Both reactions seem preposterous. Perhaps simple politics is at work – Touraine and Evin are Socialists, whereas César belongs to the newly re-named Republicans, formerly the UMP. Yet his amendment was carried with socialist support in the lower house, notably from the Gironde Socialist deputy Gilles Savary, who castigated “the over-reaction of the health lobby”.
This spat blew up just before President Hollande went to Bordeaux to open this year’s Vinexpo, and his speech was therefore chiefly picked over for his reaction to the successful passage of an amendment to a long-standing piece of Socialist legislation. More significant, surely, was that he was there at all.

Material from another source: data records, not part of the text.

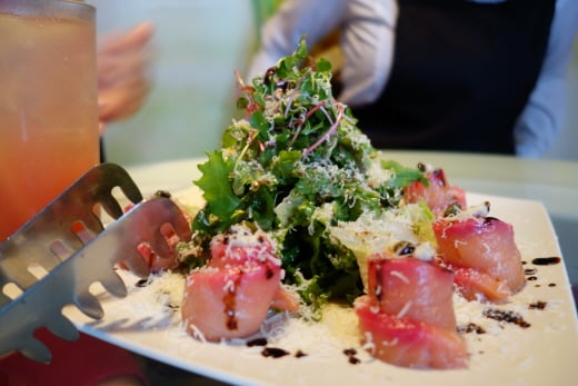 특히 가장 인기가 좋다는 시그니쳐 메뉴는 충분히 스트레스를 날려줄 만 했습니다. 연어샐러드는 꽃처럼 비트로 색을 입힌 데코레이션으로 시각마저 만족시켜줬습니다.
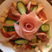 生菜、西红柿、面包、小黄瓜、火腿片、丘比特培根芝麻酱。
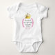 Cute BIBLE VERSE Baby Bodysuit, showing a crown with PINK laurel wreath. Inside is the inspirational quote EVERY GOOD AND PERFECT GIFT COMES FROM GOD, which is based on the Christian Scripture verse from James 1:17. The text is CUSTOMIZABLE so you can replace with text of your own choice. Also comes in BLUE.
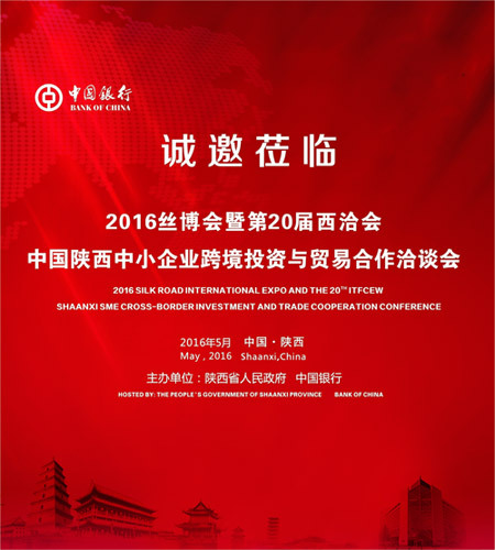 Xi’an, capital city of Shaanxi Province, as the starting point of ancient Silk Road, represents the origin of Chinese civilization and the microcosm of China's rapid development. We hereby sincerely invite all friends from the whole world to come to Xi’an and participate in “2016 China-Shaanxi SME cross-border investment and trade corporation conference” hosted by Bank of China and Shaanxi Provincial People’s Government in May.
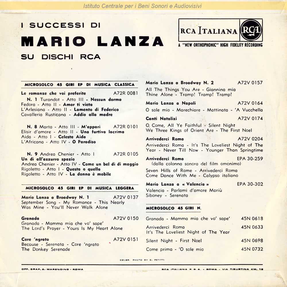 : Fotografia di C. Petitti / Distribuito da RCA Italiana - Roma
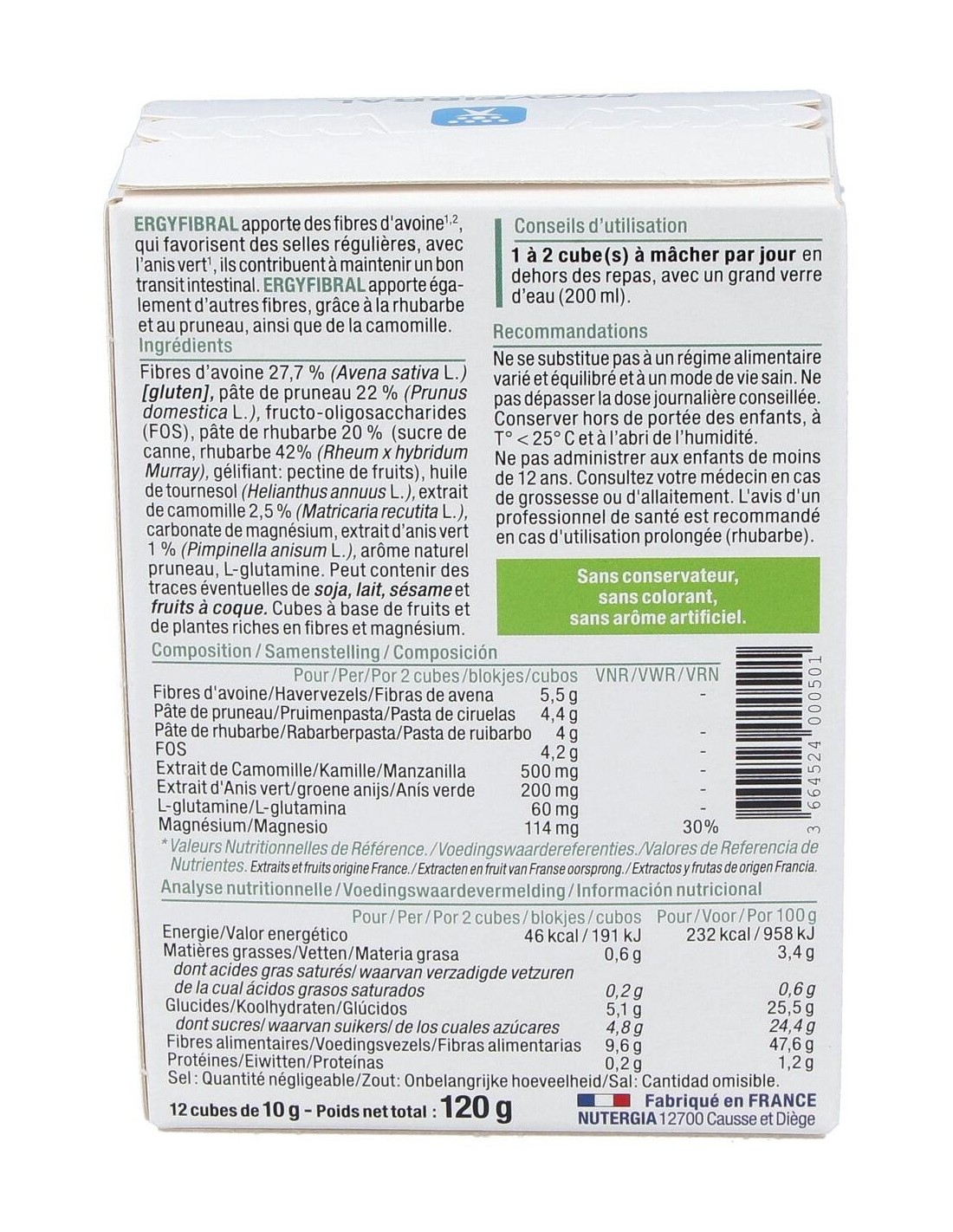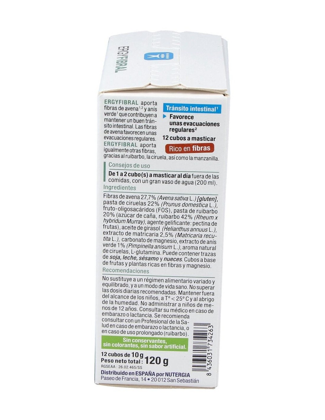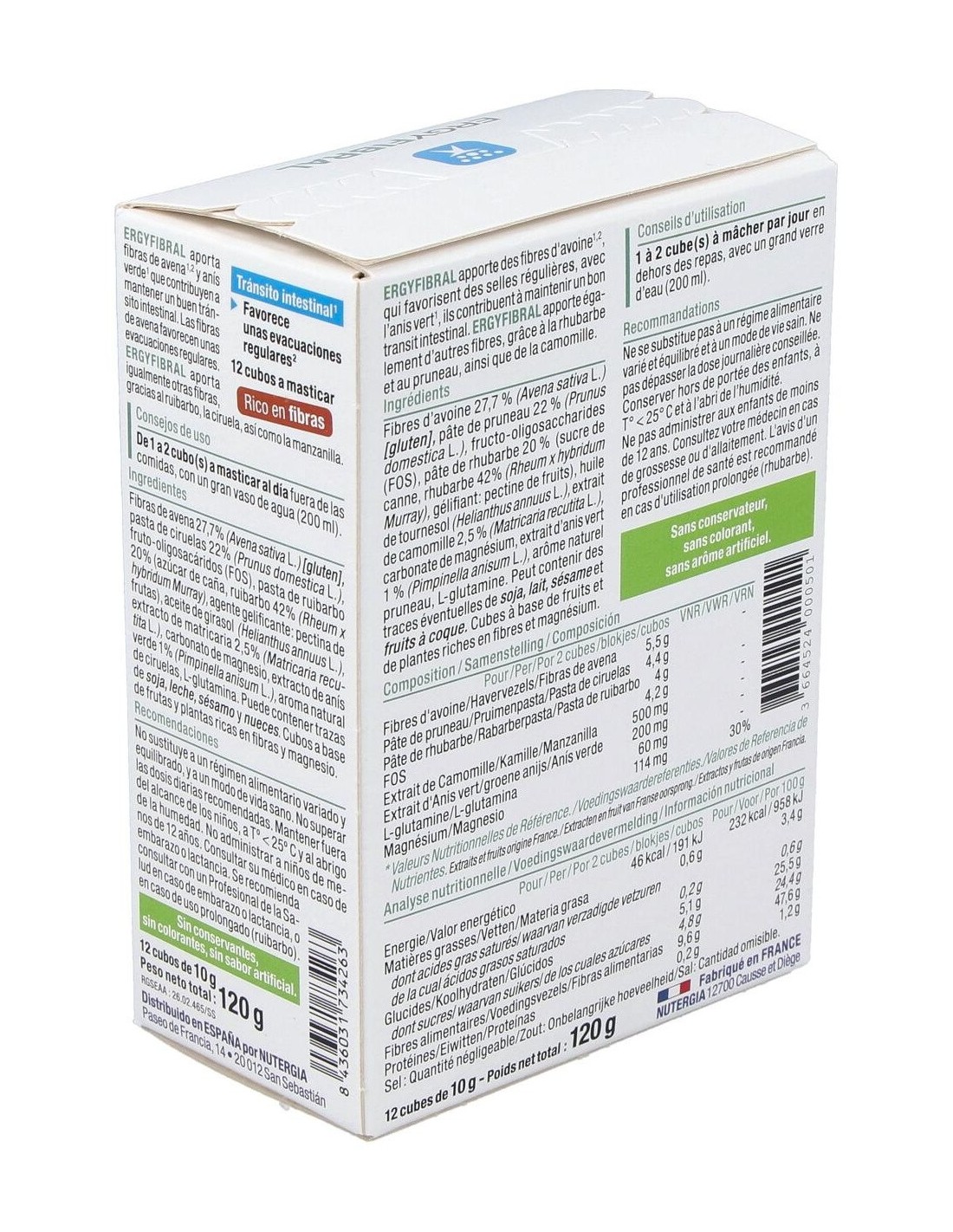 Fibras de avena 27,7 % (Avena sativa L.) [gluten], pasta de ciruelas 22 % (Prunus domestica L.), fructo-oligosacáridos (FOS), pasta de ruibarbo 20 % (azúcar de caña, ruibarbo 42 % (Rheum x hybridum Murray), agente gelificante: pectina de frutas), aceite de girasol (Helianthus annuus L.), extracto de manzanilla 2,5 % (Matricaria recutita L.), carbonato de magnesio, extracto de anís verde 1 % (Pimpinella anisum L.), aroma natural de ciruelas, L-glutamina.

Vinexpo is 10 years older than the Loi Evin, and none of the three previous French presidents (Mitterand, Chirac or Sarkozy) has ever deigned to open it before. Hollande’s 21 minute speech, it seemed to me, was a truly excellent one (a video of it is available here), delivered without any of the laborious pomposity with which his presidential predecessors lavished their every word.
He deftly covered all the bases; mentioned terroir twice; and repeatedly praised French winegrowers’ economic achievements (500,000 jobs; exports worth 12 billion euros; and a budgetary surplus of 10 billion euros), as well as committing the government to supporting those who work in what – Anglophones take note — is never called ‘the wine industry’ here, but always la filière viticole, the wine sector or network. He saluted the globalization of the wine trade (from a 25 per cent export presence in world wine markets to over 40 per cent in ten years), and lent support to the appellation system, French spirits, the OIV, UNESCO heritage listings and wine tourism. He even found time to praise the “bitter beauty” of France’s wine landscapes. And on the Loi Evin?

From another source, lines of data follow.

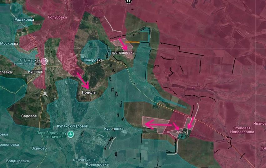 По данным источников с мест, ожесточенные встречные бои продолжаются в районе Подолов, Куриловки и Песчаного. Объективных свидетельств присутствия российских регулярных частей в самом Купянске-Узловом или на его непосредственных подступах на данный момент в открытом доступе нет. Вероятно, речь идет о динамичной ситуации, требующей уточнения в ближайшие сутки.
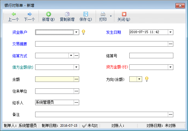 余額:當前帳戶的剩余金額。系統自動匯總,不允許修改。
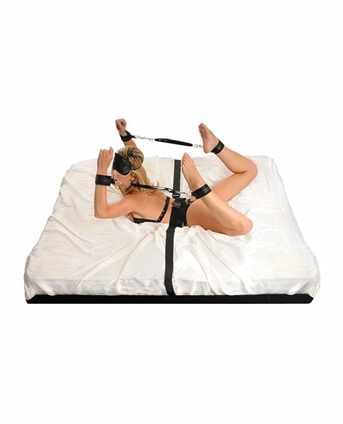 Tie me up! Tie me down! The Fetish Fantasy Series Bondage Belt Restraint System turns your bedroom into the ultimate erotic playground. System comes complete with an adjustable bondage waist belt that fits up to size 40″, an adjustable under-mattress restraint strap that fits up to a king-size mattress, four tethers, and a satin love mask.
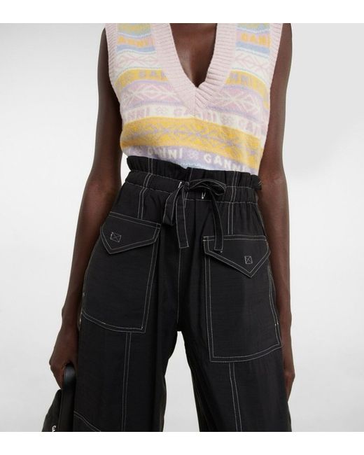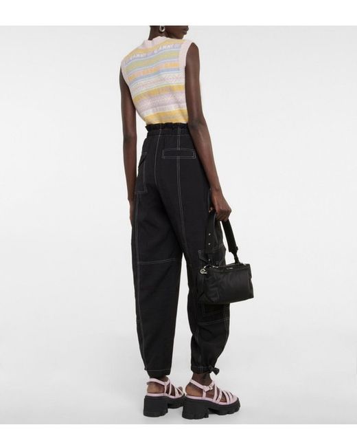 Calling all GANNI girls! Brand new with tags RRP £225 - and from this season's collection Size EU 32 UK 4 Would recommend going one or two SIZES DOWN in these for a more snug fit around the waist - I am a 10 and wear a 6 (have fairly narrow hips). "These black trousers are GANNI's take on cargo styles. They're crafted from a lightweight recycled fabric with a high paperbag waist, multiple pockets and contrast topstitching."
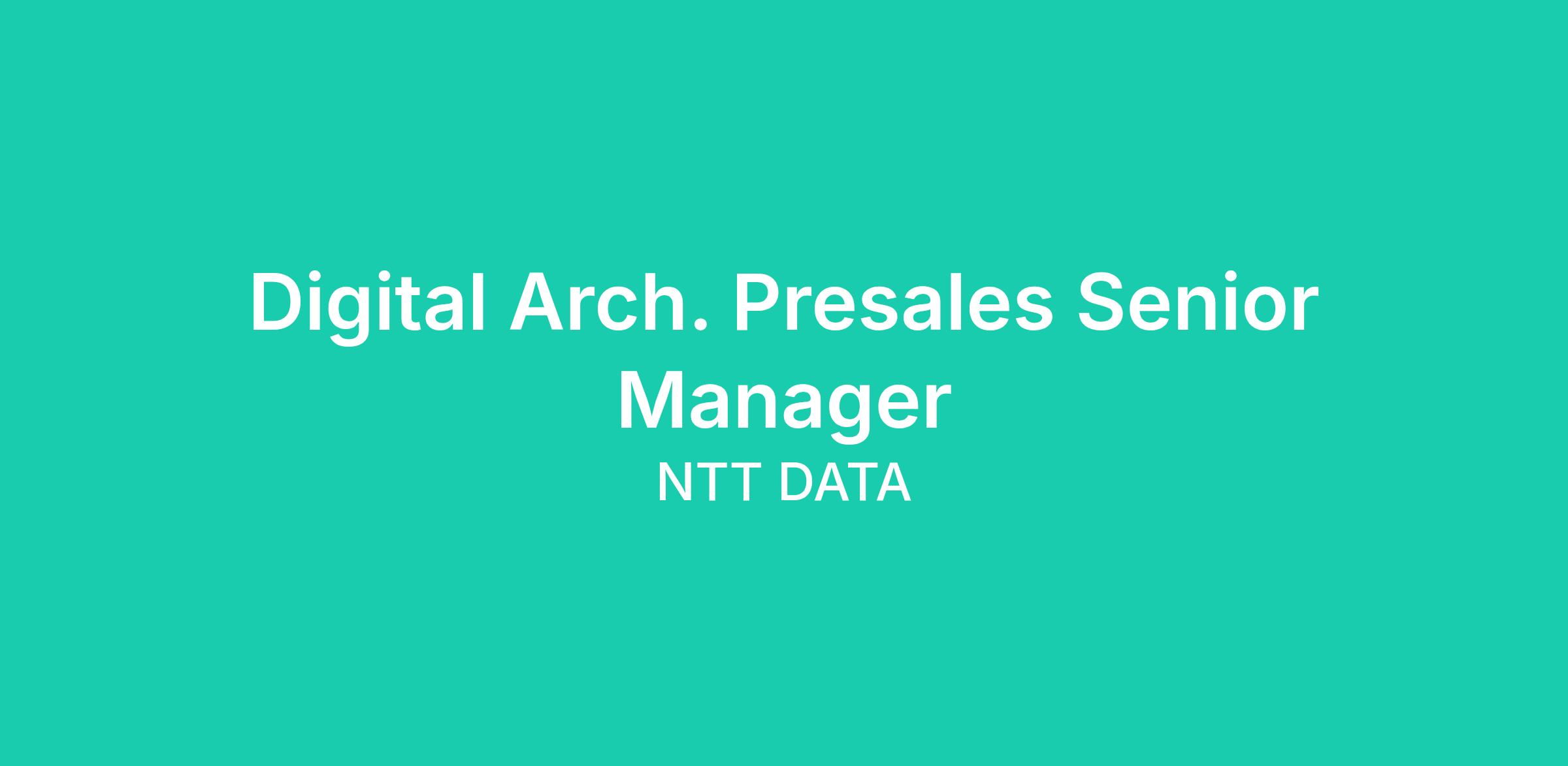 We are currently seeking a Digital Arch. Presales Senior Manager to join our team in Plano, Texas (US-TX), United States (US).

A question sensible (a sensitive question), he said, and claimed that the way it preserved a balance of differing interests – avoiding excessive taxation while at the same time “curbing the unfettered promotion which might encourage abuse” — was a “French model” which needed preserving. But he didn’t argue with the notion that ‘clarification’ was an important part of ensuring that the law remained viable. Perhaps all is not lost.

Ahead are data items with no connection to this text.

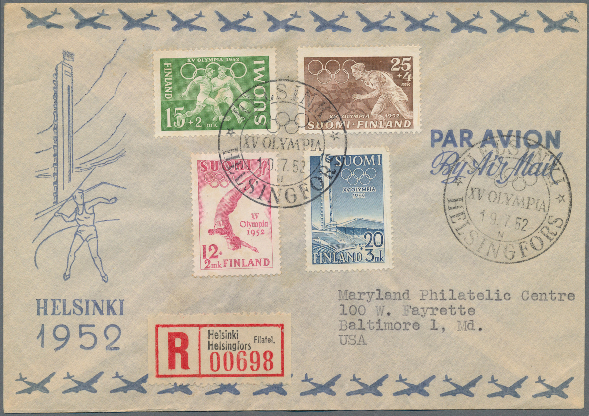 covers with Helsinki machine mark, two uprated Austrian stationery cards by Olympic special flight, etc.
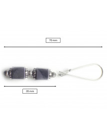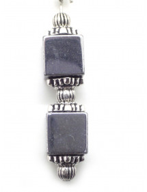 These handcrafted earrings combine two square chrome-plated hematite beads with delicate silver-plated brass cups, offering a refined contrast between metallic shine and textured relief. Their elongated design accentuates the posture, while the slender stainless steel hoops add lightness and elegance. At 70 mm in total length, they blend contemporary style with artisanal craftsmanship, making them ideal for enhancing a chic or casual outfit. Each pair is handmade in our workshop in Anjou, France. The earrings measure 70 mm in total length and 35 mm for the beaded section. They feature two square hematite beads in a chrome color, a natural stone from Brazil prized for its metallic luster and its grounding and protective energy properties. Finely chiseled, silver-plated brass bead caps harmoniously frame each bead. The elongated hoop-style posts are made of stainless steel, ensuring both comfort and durability. These earrings are entirely handcrafted in our workshop in Anjou, France.
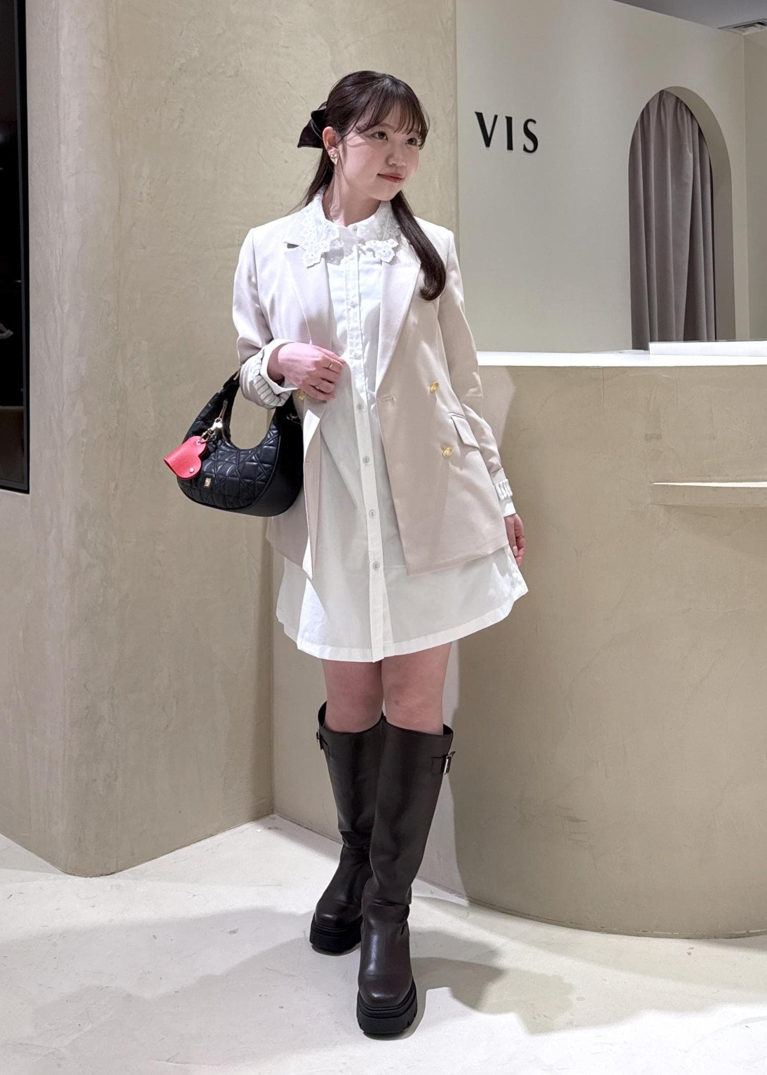 VIS襟レース付きミニ丈シャツワンピホワイト / F¥7,689レビュー襟がレースでポイント!フェミニンな印象に♡

Indeed since his speech, the government has promised a ‘clarification’ of the Loi Evin “which will permit the avoidance of unnecessary court cases” against journalists or media organizations who are simply aiming to report and not to promote on the wine world and on alcoholic drinks in general.
President Hollande then went on to tour the fair and taste wines, including white wines from Savoie and a Montravel Rouge from Ch Moulin Caresse (the 2010 ‘Cent pour 100’ cuvée) which he described, with almost Parker-ish enthusiasm, as ‘a bomb’. This was not, you should know, something his teetotal predecessor would have done.